For reasons I don’t completely understand, much of the world seems to be in love with biometrics—not only users of expensive smartphones and laptops, but even seasoned security professionals in charge of guiding the world’s future authentication solutions. I was recently in a consortium meeting dedicated to establishing the world’s security standards around future authentication and I was surprised to hear how many of the attendees felt that biometrics were the be-all-and-end-all of secure authentication, when that so isn’t the case.
I’ve never been a fan of biometrics, but now I all-out hate them. Why? Because they are horrible at authenticating people. Here is what I mean:
Biometrics are horribly inaccurate
Most people think that biometrics are incredibly accurate, because that’s the way they are sold. You’re told, “No one else has your fingerprints, retina, hand print” or whatever. While that might be nearly true, the representation of how your biometric attribute is stored is nowhere nearly as detailed and unique as the real and true biometric factor being measured.

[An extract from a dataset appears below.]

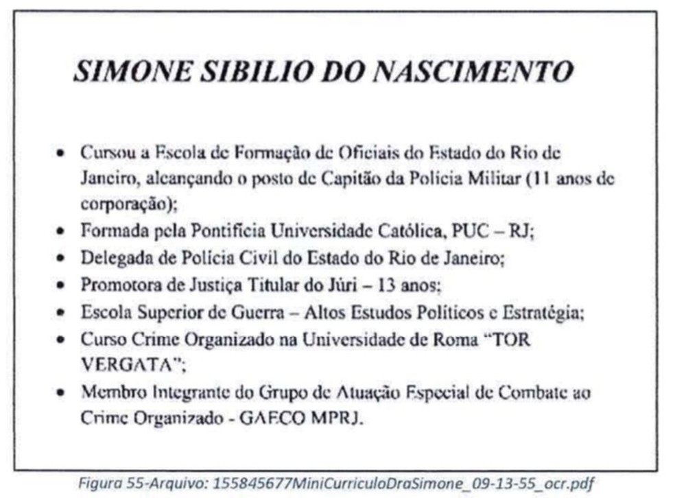 As investigações mostram também registro de impressão do currículo da promotora Simone Sibilio do Nascimento,do Grupo de Atuação Especial de Combate ao Crime Organizado (Gaeco) do Ministério Público do Rio,bem como um resumo do número de denúncias oferecidas sobre o caso Marielle.

While your fingerprint might be (nearly) unique in the world, what is stored and subsequently measured during authentication is not. Your fingerprint (or iris, retina, face, etc.) is not stored and measured as a highly detailed picture. What is stored and evaluated is a measurement of various defining characteristics (“points”) of that biometric identity.
For example, your fingerprints are turned into series of points noting where major “rivers and valleys” and sharp changes happen. These big deviations are marked with points, with the overall fingerprint being stored and evaluated looking much more like a star constellation than a real fingerprint.
The device and software that record the original biometric attribute can only collect so much detail. At some point the reader/scanner cannot see the fine detail without it becoming blurred, but in most cases, they can see far more of the detail than would ever be useful. Everyone’s fingerprint has very tiny “micro-changes”, some perhaps part of the actual fingerprint, but more that are temporary instances of cuts, abrasions and wear patterns.
If a fingerprint reader recorded every bit of fine detail that it could, it’s very likely that tomorrow your stored fingerprint would not match your fingerprint today. The same with your face, iris, retina or any other biometric attribute. Instead, biometric readers and verifiers are forced to “de-tune” themselves to be less accurate than they otherwise could be. In fact, this de-tuning is usually so thoroughly implemented that the purported uniqueness of the real biometric factor ends up getting far more matches with other unrelated stored values.